> Data for processing

Content starts

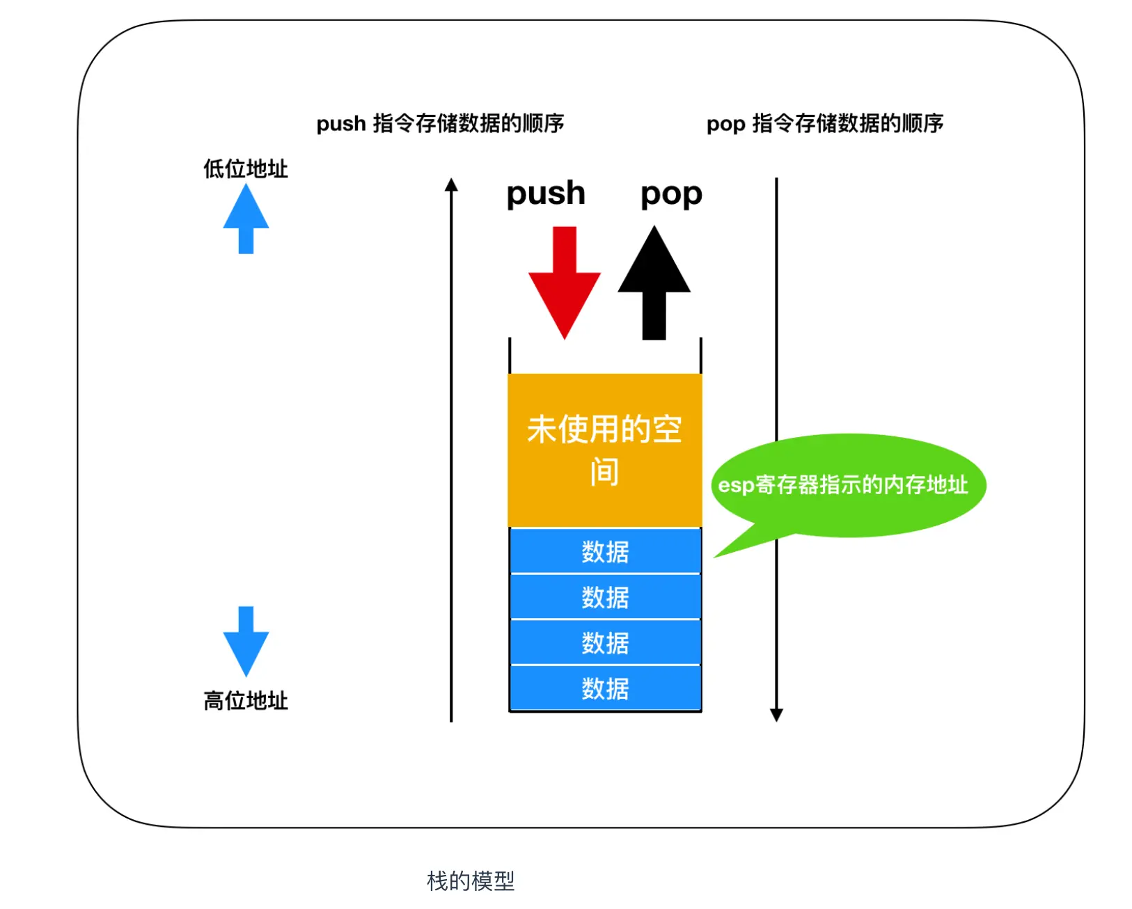 栈是存储临时数据的区域,它的特点是通过 push 指令和 pop 指令进行数据的存储和读出。向栈中存储数据称为 入栈 ,从栈中读出数据称为 出栈,32位 x86 系列的 CPU 中,进行1次 push 或者 pop,即可处理 32 位(4字节)的数据。
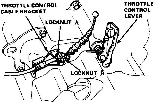 9. Remove throttle control cable end from throttle lever, loosen only locknut (B), Fig. 5, and remove cable from bracket.
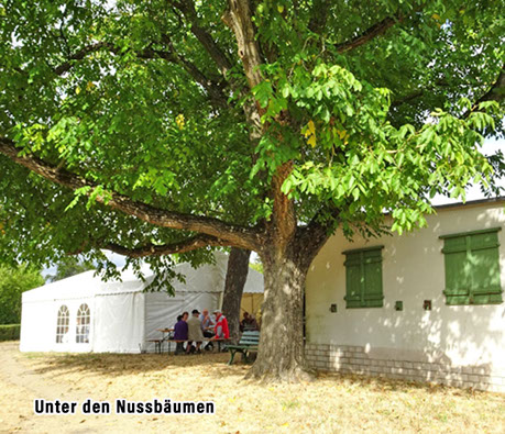 Unter den beiden Nußbäumen und im Zelt wurde gefachsimpelt, gelacht und das Essen gelobt. Die Eintracht Frankfurt und der FSV, die Wühlmäuse und die lange Regenfreie Wetterphase, und auch die ein oder andere humorige Anekdote wurden eingehend und auch tiefgründig betrachtet.
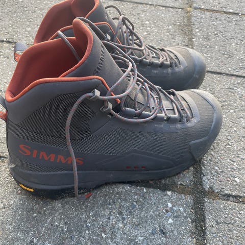 Medfølgende Pool 12 River Runner wading shoe vadestøvler i størrelse 43. Støvlerne er snørestøvler i grå/sort farve, beregnet til brug sammen med waders med sokker. Velegnet til fiskeri og anden aktivitet i vand og vådt terræn.kontakt på 50446310
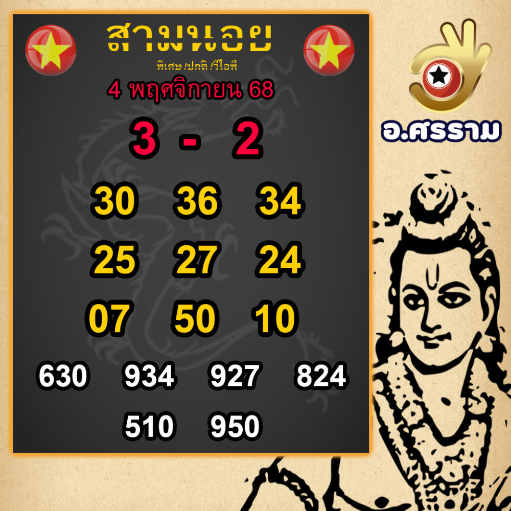- เลขสามตัวน่าลุ้น: 860 – 511 – 538 – 630 – 178
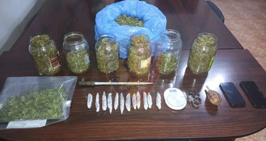 Në banesën e tyre janë gjetur dhe sekuestruar 6.8 kg lëndë narkotike kanabis sativa, një pjesë e të cilës ishte e ndarë në doza gati për shitje, një peshore elektronike që shërbente për ndarjen e lëndës narkotike në doza, një granatë difensive me detonator të montuar, një bajonetë arme zjarri, një përforcues grushti, dy aparate celularë dhe një automjet tip “BMW”.
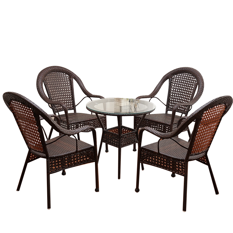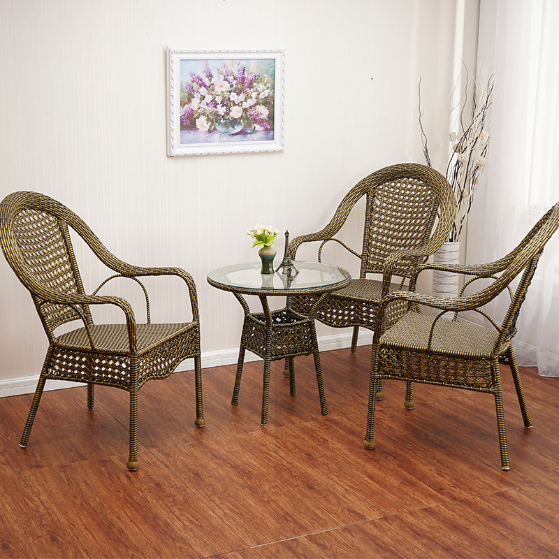 Rattan chair three-piece set balcony open-air outdoor table and chair garden courtyard rattan chair backrest chair small round table chair combination
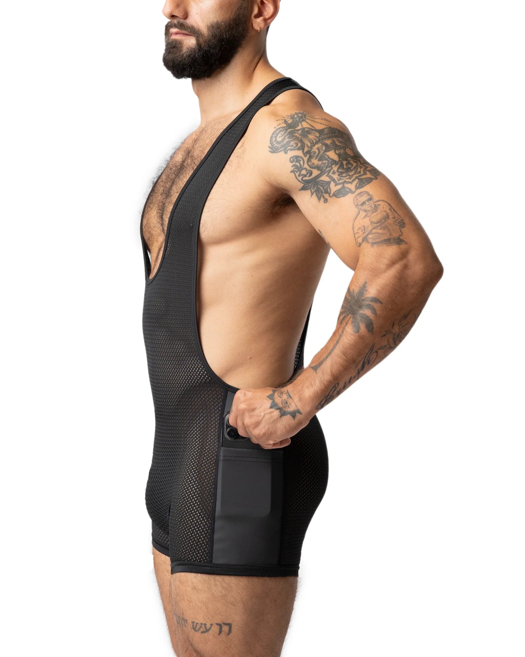 Made of our custom stretch athletic mesh combined with our custom NP Rubber, this singlet leaves nothing to the imagination. The “scoop” cut is our best seller, showing you off in all the right places. Two side pockets are designed to hold your essentials. A printed Snout Logo on the back neck indicates the type of wrestling you’re after.
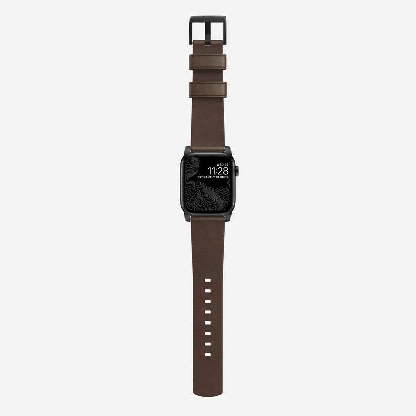 Designet for å gi Apple Watch et klassisk, men spennende nytt utseende. Laget av minimalt behandlet, vegetabilsk garvet lær fra ett av Amerikas eldste garverier. Læret utvikler en vakker patina etterhvert som det brukes.
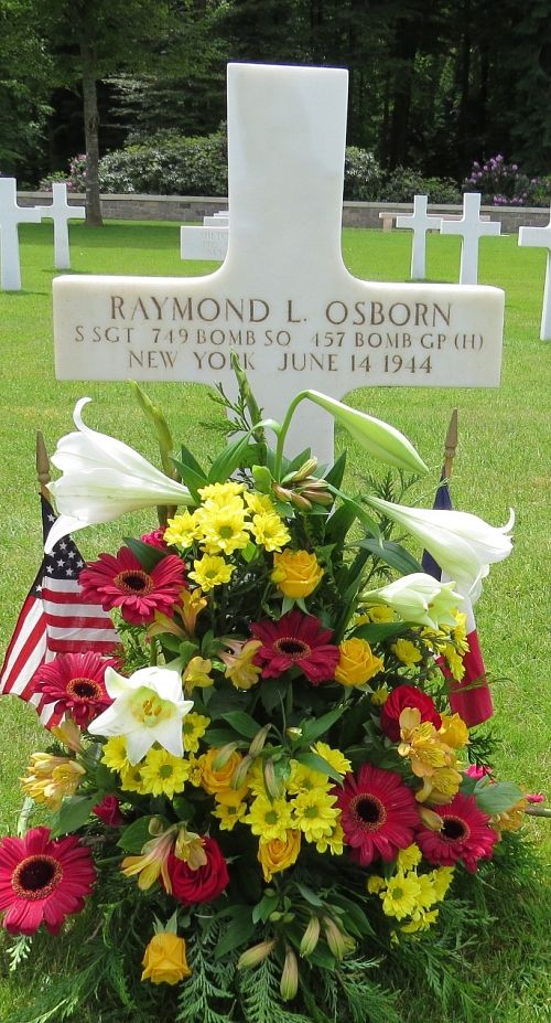 S/Sgt Raymond L. Osborn was employed at the West Virginia Pulp and Paper Company before he volunteered for the Army of the United States in Albany, New York on 17 October 1942.The B-17 was damaged by fighters on the bomb run and then received a direct hit from flak in the cockpit and radio room. At about 0840hrs the aircraft exploded in mid-air at 12,000 feet and crashed 1,000 yards north of Chapdeuil, southeast of Paris.
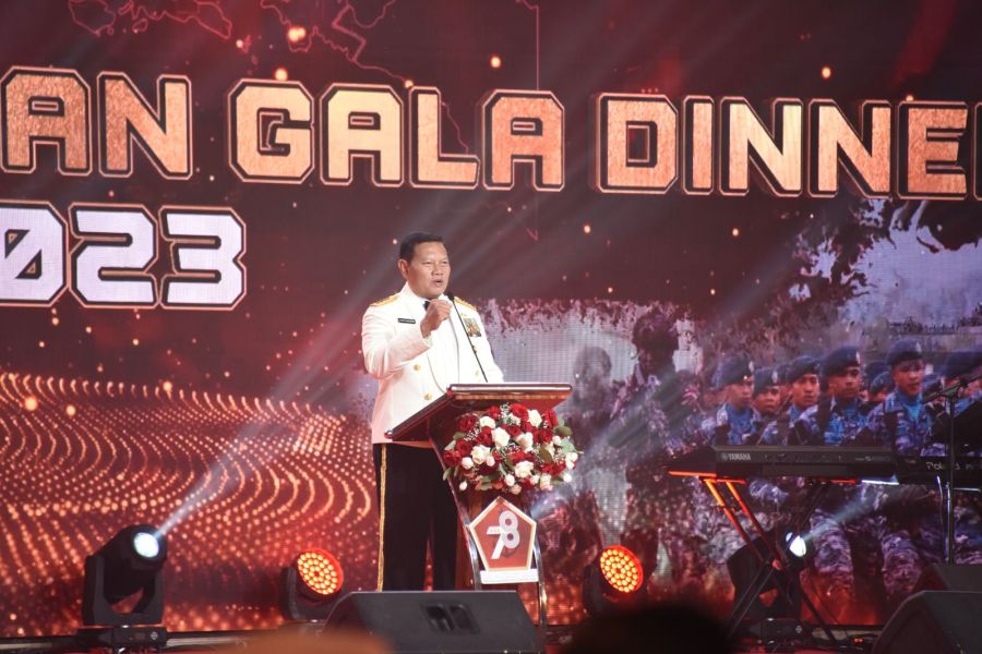 Bertempat di Panti Prajurit, Balai Soedirman, Menteng, Jakarta Selatan, Mabes TNI menggelar acara Komunikasi Sosial Eksekutif (Komsos) dan Gala Dinner sebagai rangkaian kegiatan peringatan Hari Ulang Tahun ke-78 TNI, Selasa (3/10/2023). Puncak acara peringatan HUT TNI tahun ini akan digelar upacara parade dan defile pada tanggal 5 Oktober mendatang di silang Monas, Jakarta Pusat.
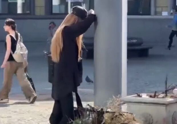 В августе месяце жители Днепра обратили внимание на необычную девушку на Европейской площади. Каждый день в жару она стояла у столба одетая в закрытую черную одежду. Некоторые пытались с ней заговорить, но девушка не отвечала. Сначала прохожие думали, что девушке плохо и предлагали ей помощь, но она отказывалась, потом люди стали специально подходить к ней, пытаться заговорить, тролить и обижать, но она не реагировала. В один день девушка куда-то исчезла и некоторое время ее не было. Сейчас она иногда снова появляется у столба, одетая во все черное.
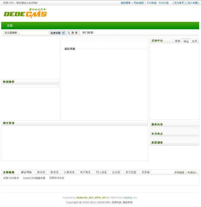 织梦的安装如果想进前台看界面的话可以直接在输入网址的地方输入:localhost/50或者点击右上角的网站主页,同样能跳转到主页,这里的主页是织梦的页面,下次给大家讲一下怎么使用自己的页面作为网站主页。附织梦默认主页让大家看一下。
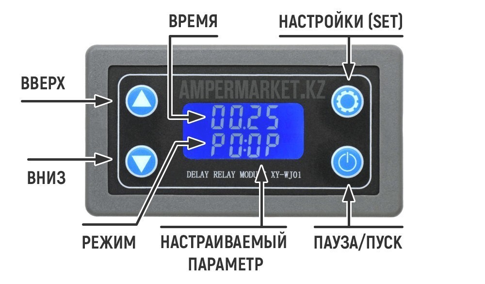 Модуль позволяет устанавливать время от 0,01 секунды до 9999 минут. Таким
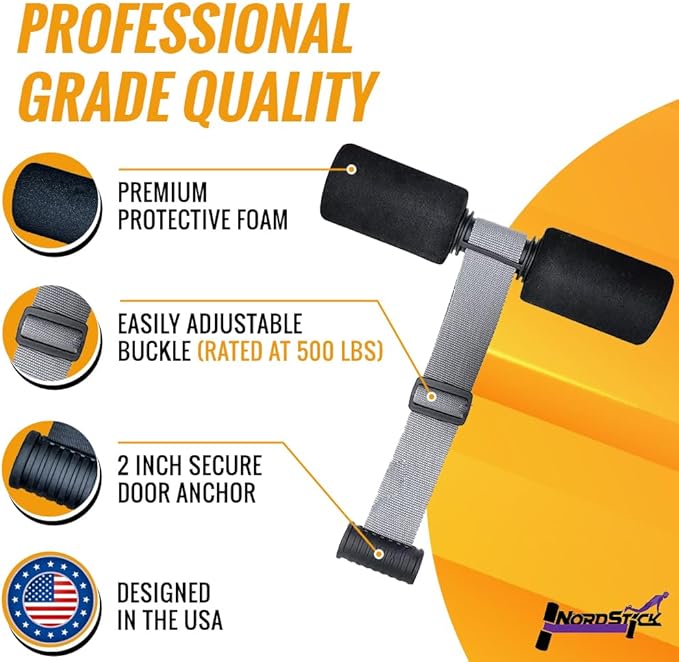 - SAFE AND SECURE: NordStick Pro offers improved durability. The rubberized door anchor is designed to fit any door frame without causing damage or leaving marks, ensuring a safe and secure workout experience with this innovative Nordic stick. Its sturdy construction can handle up to 500lbs of weight, giving you peace of mind during your workouts.
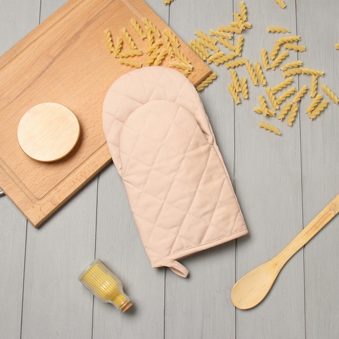 Варежка-прихватка Этель "Kitchen" цв.бежевый, 15х28см,саржа, 100% х/л
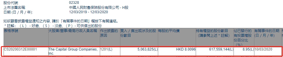 智通财经APP获悉,联交所最新资料显示,3月10日,美国资本集团减持中国财险(02328)506.3825万股,每股作价8.0096港元,总金额约为4055.92万港元。减持后最新持股数目约为6.18亿股,最新持股比例为8.95%。

Content ends

> What to do
Going by the entries above, repeat exactly the lines that start at the line with "В августе месяце" and go on through the line with "15х28см,саржа, 100% х/л". Pictures are not part of the copy.

> Answer box
 В августе месяце жители Днепра обратили внимание на необычную девушку на Европейской площади. Каждый день в жару она стояла у столба одетая в закрытую черную одежду. Некоторые пытались с ней заговорить, но девушка не отвечала. Сначала прохожие думали, что девушке плохо и предлагали ей помощь, но она отказывалась, потом люди стали специально подходить к ней, пытаться заговорить, тролить и обижать, но она не реагировала. В один день девушка куда-то исчезла и некоторое время ее не было. Сейчас она иногда снова появляется у столба, одетая во все черное.
 织梦的安装如果想进前台看界面的话可以直接在输入网址的地方输入:localhost/50或者点击右上角的网站主页,同样能跳转到主页,这里的主页是织梦的页面,下次给大家讲一下怎么使用自己的页面作为网站主页。附织梦默认主页让大家看一下。
 Модуль позволяет устанавливать время от 0,01 секунды до 9999 минут. Таким
 - SAFE AND SECURE: NordStick Pro offers improved durability. The rubberized door anchor is designed to fit any door frame without causing damage or leaving marks, ensuring a safe and secure workout experience with this innovative Nordic stick. Its sturdy construction can handle up to 500lbs of weight, giving you peace of mind during your workouts.
 Варежка-прихватка Этель "Kitchen" цв.бежевый, 15х28см,саржа, 100% х/л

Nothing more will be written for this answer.